*** Begin section ***

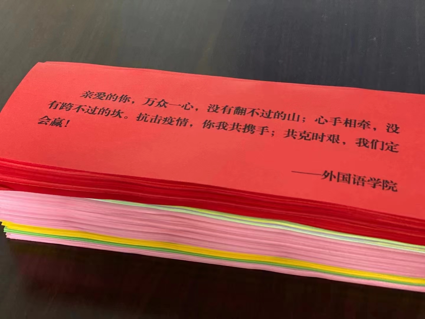 为贯彻落实太阳官网“严在当严处、爱在细微中”的理念,太阳官网外国语学院的学工队伍带着学生干部,历时四个小时,亲自动手为同学们准备了1400余份小盲卷。“疫情无情,人间有情,愿我们所求皆所愿,爱与温暖始终陪伴我们左右。加油!” 一张张小纸条书写了学校心系学子、同心战疫的决心。暖心活动仍在继续,爱将一直传递下去。
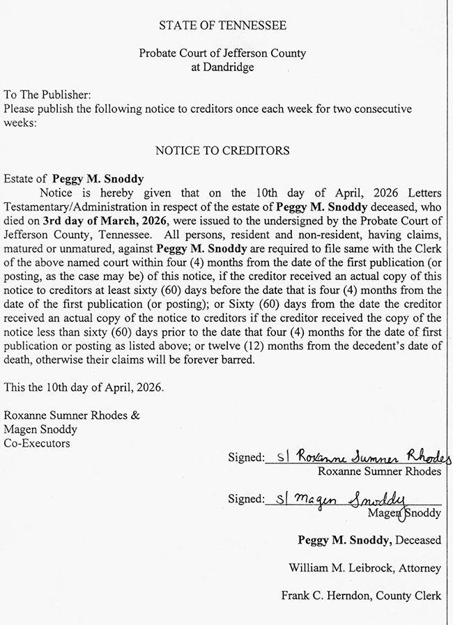 PUBLIC NOTICE – NOTICE TO CREDITORS – ESTATE OF PEGGY M. SNODDY
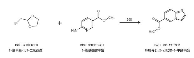 1.通过2-溴甲基-1,3-二氧戊烷和6-氨基烟酸甲酯合成咪唑并[1,2-a]吡啶-6-甲酸甲酯,收率约30%;
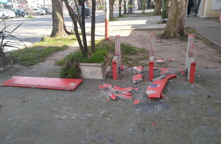 Autores no identificados destrozaron un banco rojo -que simboliza de concientización y lucha contra la violencia de género-, ubicado en avenida Libertad 4751.
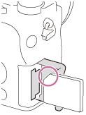 - Indsæt hukommelseskortet med det afskårne hjørne vendt i den viste retning, indtil det klikker på plads.
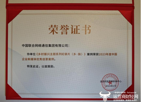 《乡·脉》系列纪录片一经上线,就广受关注,不仅在广东卫视、北京卫视、全国IPTV频道等上线播出,同时在国资小新视频专栏、中国联通各级视频平台等线上渠道同步展示,以该纪录片为素材制作的视频彩铃,累计播放次数超过三亿次。近日,这部宝藏纪录片,更是凭借精良的制作、独特的视角、震撼的观感,荣获国务院国资委新闻中心颁发的“2023年度中国企业新媒体优秀创意案例”。
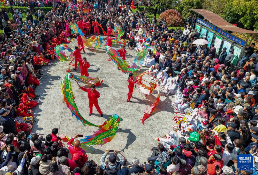 4月19日,村民在江苏省泰州市海陵区唐甸村“三月三”传统庙会上进行舞龙表演(无人机照片)。
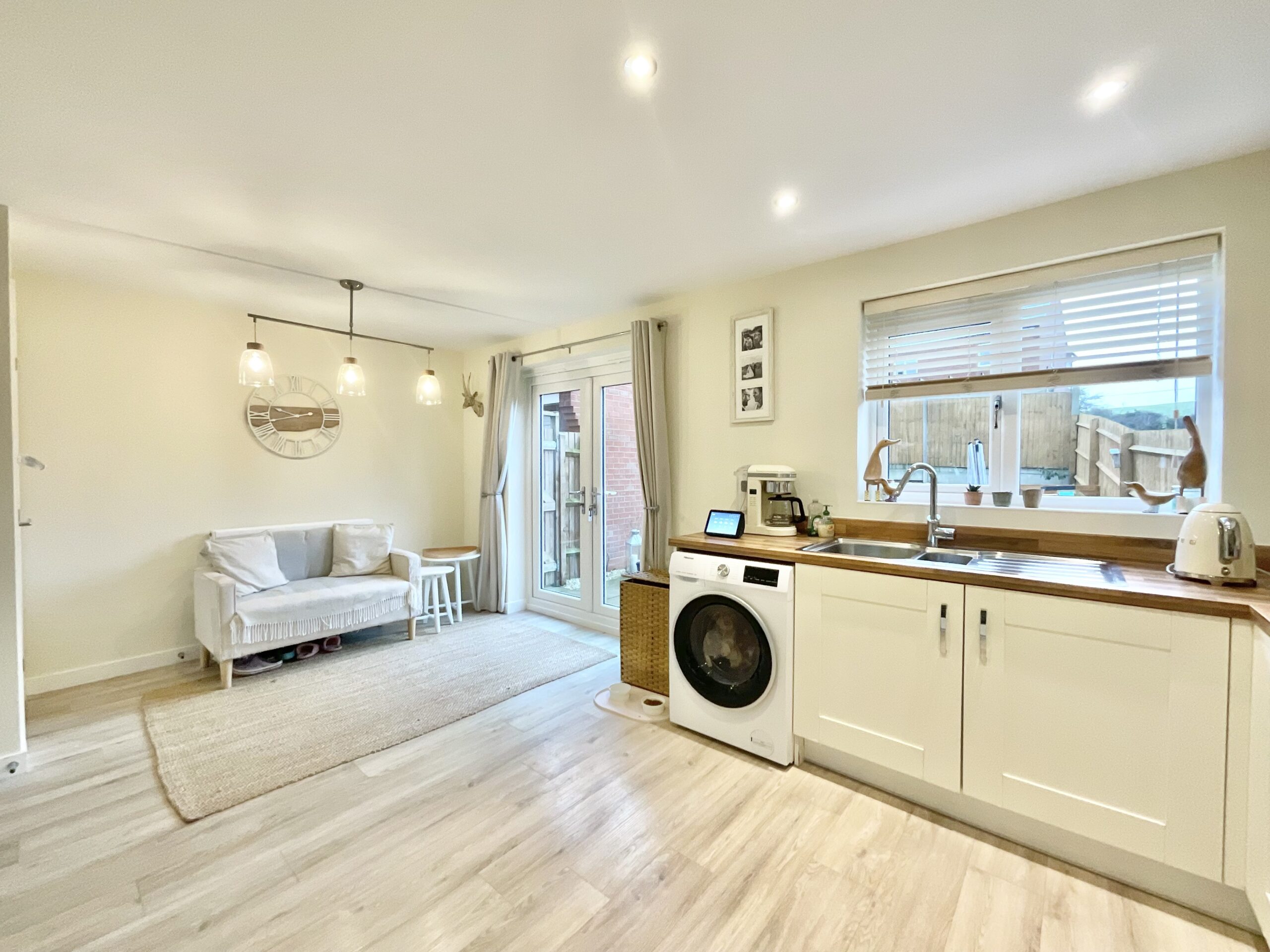 - Welcoming living room with plenty of space to relax plus an open-plan kitchen/diner with practical U-shaped shaker-style kitchen and dining area.

*** End section ***

» **Directions**: Repeat verbatim the lines between the start of the data and the line containing "4月19日,村民在江苏省泰州", both ends included, omitting all pictures.

» **Response to the exercise**:
 为贯彻落实太阳官网“严在当严处、爱在细微中”的理念,太阳官网外国语学院的学工队伍带着学生干部,历时四个小时,亲自动手为同学们准备了1400余份小盲卷。“疫情无情,人间有情,愿我们所求皆所愿,爱与温暖始终陪伴我们左右。加油!” 一张张小纸条书写了学校心系学子、同心战疫的决心。暖心活动仍在继续,爱将一直传递下去。
 PUBLIC NOTICE – NOTICE TO CREDITORS – ESTATE OF PEGGY M. SNODDY
 1.通过2-溴甲基-1,3-二氧戊烷和6-氨基烟酸甲酯合成咪唑并[1,2-a]吡啶-6-甲酸甲酯,收率约30%;
 Autores no identificados destrozaron un banco rojo -que simboliza de concientización y lucha contra la violencia de género-, ubicado en avenida Libertad 4751.
 - Indsæt hukommelseskortet med det afskårne hjørne vendt i den viste retning, indtil det klikker på plads.
 《乡·脉》系列纪录片一经上线,就广受关注,不仅在广东卫视、北京卫视、全国IPTV频道等上线播出,同时在国资小新视频专栏、中国联通各级视频平台等线上渠道同步展示,以该纪录片为素材制作的视频彩铃,累计播放次数超过三亿次。近日,这部宝藏纪录片,更是凭借精良的制作、独特的视角、震撼的观感,荣获国务院国资委新闻中心颁发的“2023年度中国企业新媒体优秀创意案例”。
 4月19日,村民在江苏省泰州市海陵区唐甸村“三月三”传统庙会上进行舞龙表演(无人机照片)。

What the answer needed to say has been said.